For this answer I'll be using this as my sample input:
Hello, my ;name is Holmes.
This is a test, of a question on SO.
Holmes, again.
When I'm writing a script for the first time, I find it really helpful to DESCRIBE
and DUMP
each step with some sample data so I know exactly what is happening. Doing that with your script shows:
A = load './SherlockHolmes.txt' using PigStorage(' ');
-- Schema for A unknown.
-- (Hello,,my,name,is,Holmes.)
-- (This,is,a,test,,of,a,question,on,SO.)
-- (Holmes,,again.)
So the output from A
is a 'tuple' (really it is a schema) with an unknown number of values. Generally, if you don't know how may values are in a tuple, you should use a bag instead.

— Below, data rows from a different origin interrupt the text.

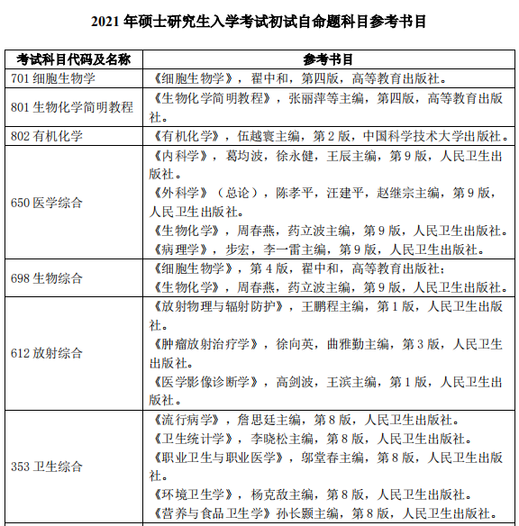 以上就是“2021考研參考書目:山東第一醫(yī)科大學2021年碩士研究生參考書目”的全部內容!更多2021考研院校參考書目等干貨,盡在研線網!
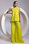 Featuring a chartreuse yellow top in organza base with 3D floral cutwork, pearl and beadwork. It is paired with chinon wide-leg palazzo pants and an inner. Accentuate it with zircon jewellery and heels for festive celebrations or wedding ceremony.
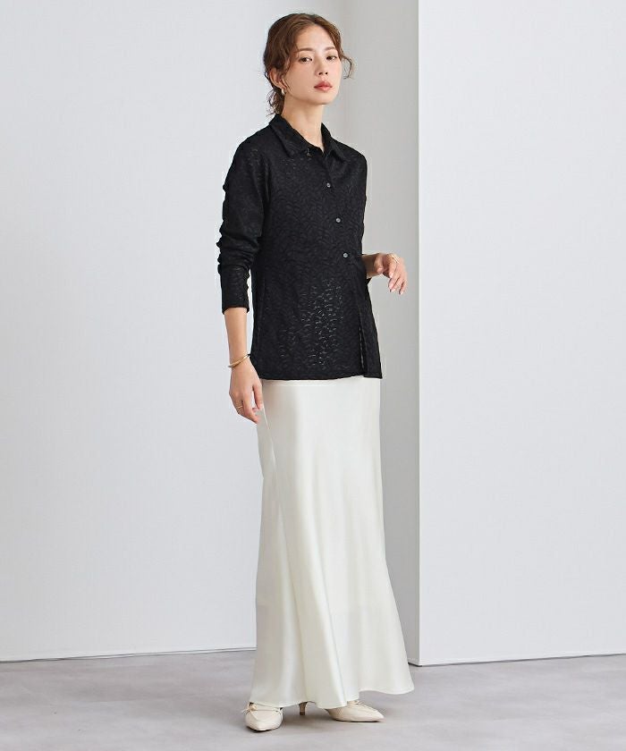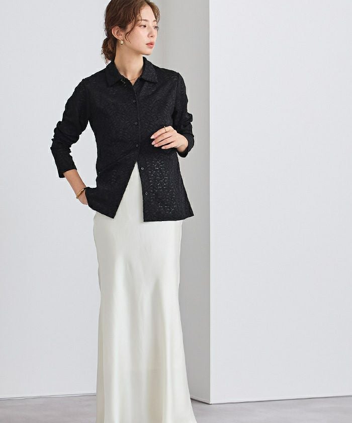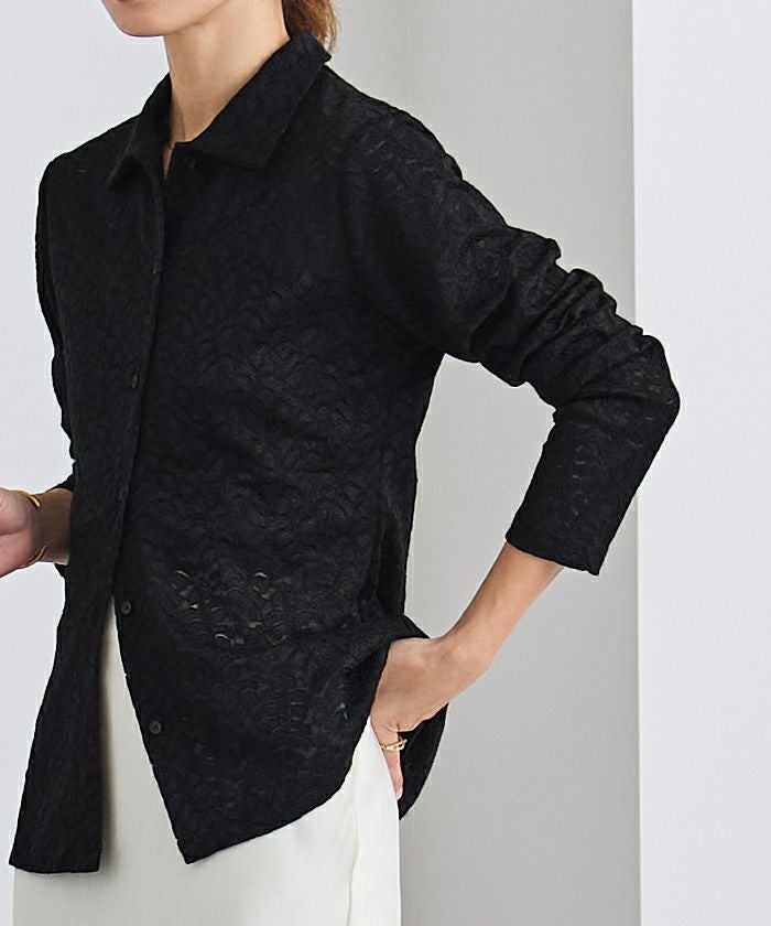 レース素材で仕立てたポロシャツ。
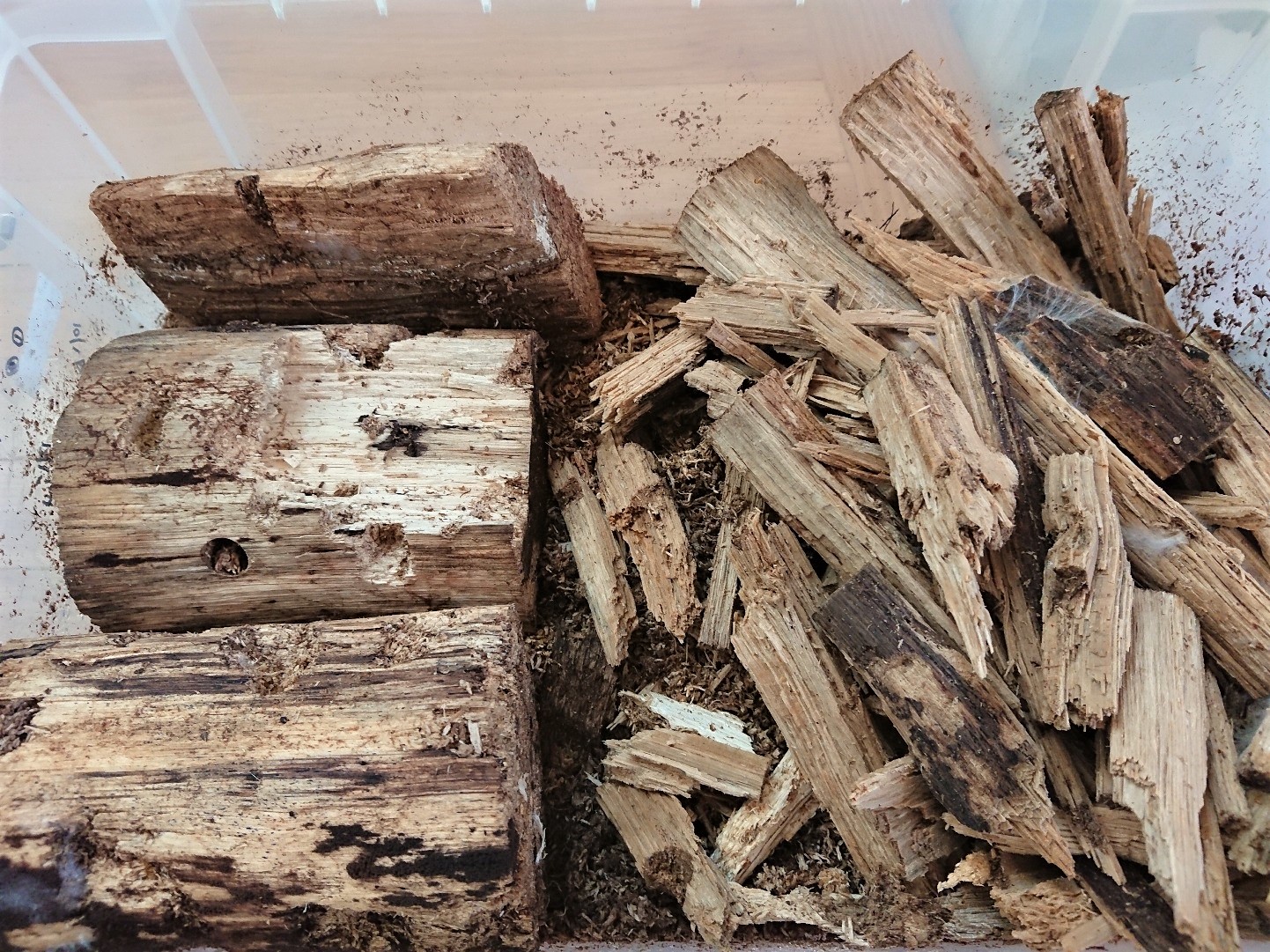 さて、残ってる材にはどのくらいの幼虫がいるのか、はたまたもうボーズ状態なのか・・・

B = foreach A generate FLATTEN(REGEX_EXTRACT_ALL(LOWER((chararray)$0),'([A-Za-z]+)')) as word;
-- B: {word: bytearray}
-- ()
-- (this)
-- ()
When you use $0
you are referring not to all of the words in the schema, but rather the first word. So you are only applying the LOWER
and REGEX_EXTRACT_ALL
to the first word. Also, note that the FLATTEN
operator is being done on a tuple, with does not produce the output that you want. You want to FLATTEN
a bag.
C
, D
, and E
all should work as you expect, so it all about massaging the data to get into a format that they can use.

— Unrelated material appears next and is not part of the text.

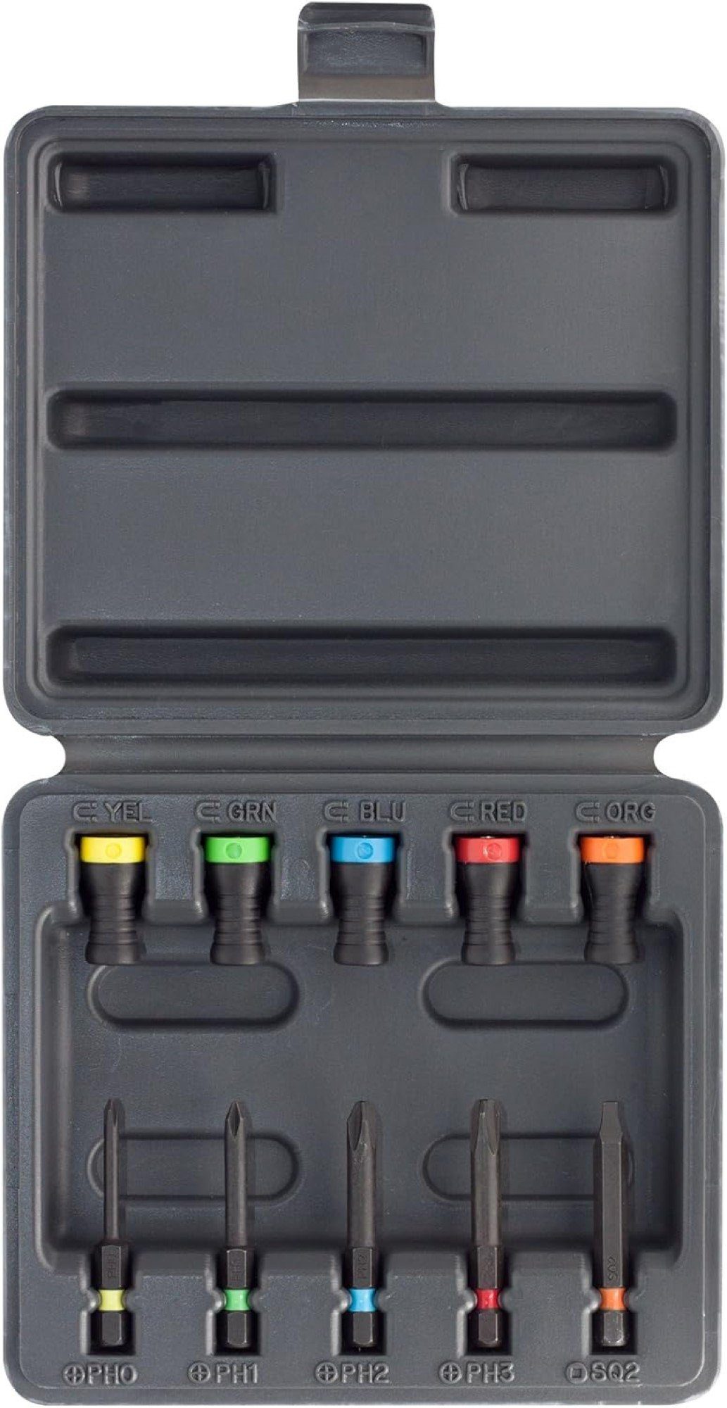 Dieses 10-teilige Set enthält alle Arten von Magnet Drivers® und die entsprechenden Bits, um jede Arbeit mit Schrauben zu verrichten. Das sofort verwendbare Set beinhaltet eine Box, sodass Sie das gesamte Material perfekt organisiert und ordentlich aufbewahren können. Die perfekte Lösung, um die Magnet-Driver®-Teile nicht zu verlieren. Die Box enthält: 1 gelben Magnet Driver® für runde Schrauben mit einem Durchmesser von 2-3 mm, 1 grünen Magnet Driver® für runde Schrauben mit einem Durchmesser von 4,5-5 mm, 1 blauen Magnet Driver® für runde Schrauben mit einem Durchmesser von 5,5-6 mm, 1 roten Magnet Driver® für runde Schrauben mit einem Durchmesser von 6-6,35 mm, 1 orangefarbenen Magnet Driver® für Sechskantschrauben mit einem Durchmesser von 6-6,35 mm, auch für Nägel, 1 Kreuz-Aufsatz PH0 Длина 50 mm in Gelb aus gehärtetem Stahl S2, 1 grünen Kreuz-Aufsatz PH1 mit Длина 50 mm aus gehärtetem Stahl S2, 1 Kreuz-Aufsatz PH2 mit Длина 50 mm in Blau aus gehärtetem Stahl S2, 1 roten Kreuz-Aufsatz PH3 mit Длина 50 mm aus gehärtetem Stahl S2, 1 Aufsatz SQ2 mit Длина 50 mm in Orange aus gehärtetem Stahl S2
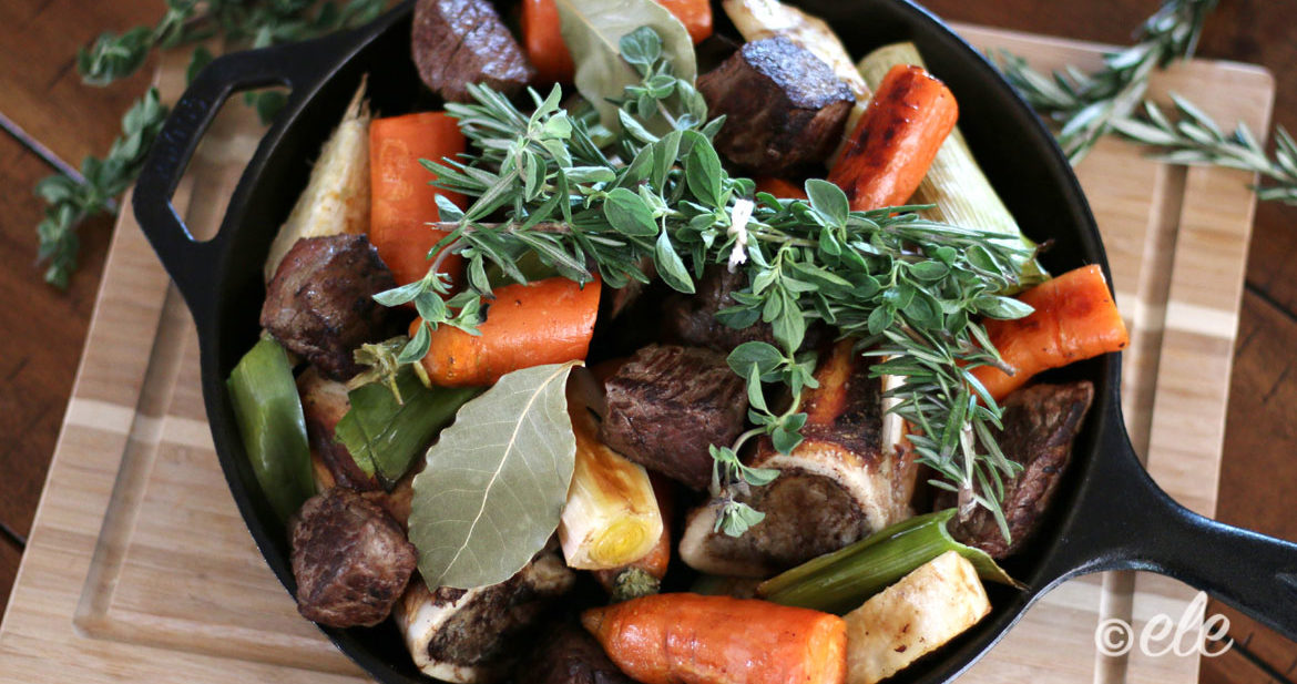 - Once your vegetables and bones have roasted, pull them out of the oven and put them directly into a crock pot. Add the braised meat and herb bundle into the crockpot with the bones and veggies.

Knowing this, you can do it like this:
-- Load in the line as a chararray so that TOKENIZE can convert it into a bag
A = load './tests/sh.txt' AS (foo:chararray);
B1 = FOREACH A GENERATE TOKENIZE(foo, ' ') AS tokens: {T:(word: chararray)} ;
-- Output from B1:
-- B1: {tokens: {T: (word: chararray)}}
-- ({(Hello,),(my),(;name),(is),(Holmes.)})
-- ({(This),(is),(a),(test,),(of),(a),(question),(on),(SO.)})
-- ({(Holmes,),(again.)})
-- Now inside a nested FOREACH we apply the appropriate transformations.
B2 = FOREACH B1 {
-- Inside a nested FOREACH you can go over the contents of a bag
cleaned = FOREACH tokens GENERATE
-- The .*? are needed to capture the leading and trailing punc.

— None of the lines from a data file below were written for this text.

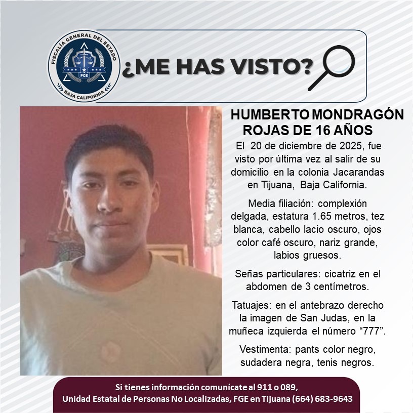 - La Fiscalía General del Estado (FGE), solicita el apoyo de la ciudadanía para localizar Humberto Mondragón Rojas de 16 años de edad.
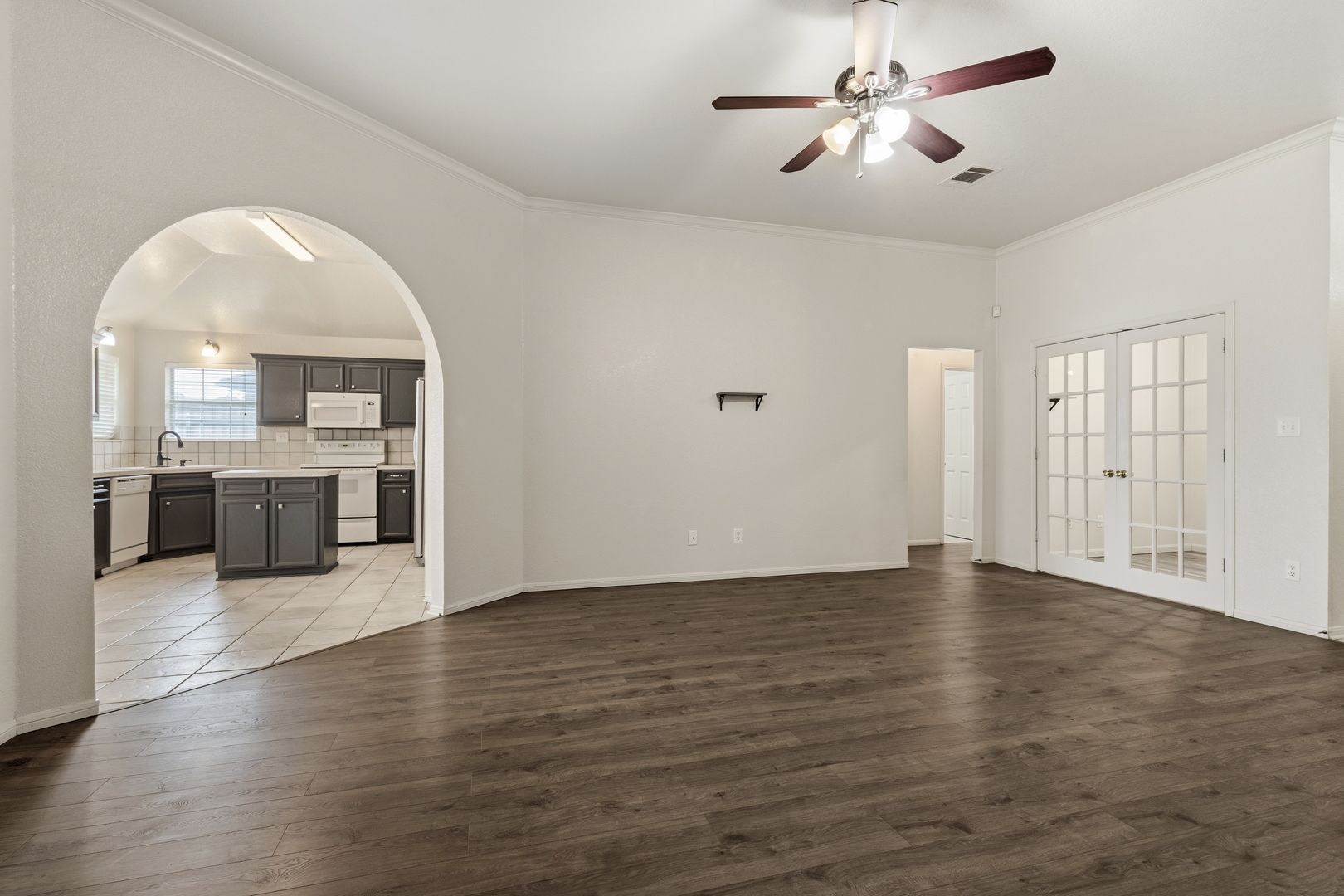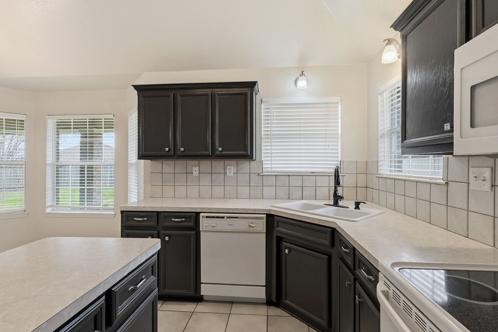 The kitchen is designed for everyday ease with a center island, side-by-side refrigerator, dishwasher, and built-in microwave, all flowing into the main living areas. Durable hard-surface flooring runs throughout the home—no carpet—making for easy upkeep.
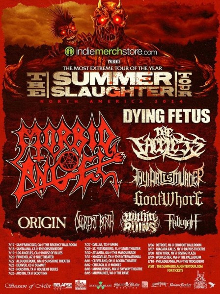 I would like to see the 2014 edition of the SUMMER SLAUGHTER tour. It includes Morbid Angel, Dying Fetus, Goatwhore, Origin, Decrepit Birth, Fallujah, and other bands. I bet it would be a good time. But as much as I would like to see SUMMER SLAUGHTER, SUMMER SLAUGHTER does not want to see me.
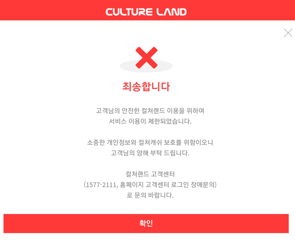 컬처랜드의 고객보호서비스는 좋지만 정상적인 이용자들의 불편함은 생각하지 않는 것 같네요.

FLATTEN(REGEX_EXTRACT_ALL(LOWER(word),'.*?([a-z]+).*?')) as word ;
-- Cleaned is a bag, so when we FLATTEN it we get one word per line
GENERATE FLATTEN(cleaned) ;
}
So now the output of B2
is:
B2: {cleaned::word: bytearray}
(hello)
(my)
(name)
(is)
(holmes)
(this)
(is)
(a)
(test)
(of)
(a)
(question)
(on)
(so)
(holmes)
(again)
Which, when feed into C
, D
, and E
, will give the desired output.
Let me know if you need me to clarify anything.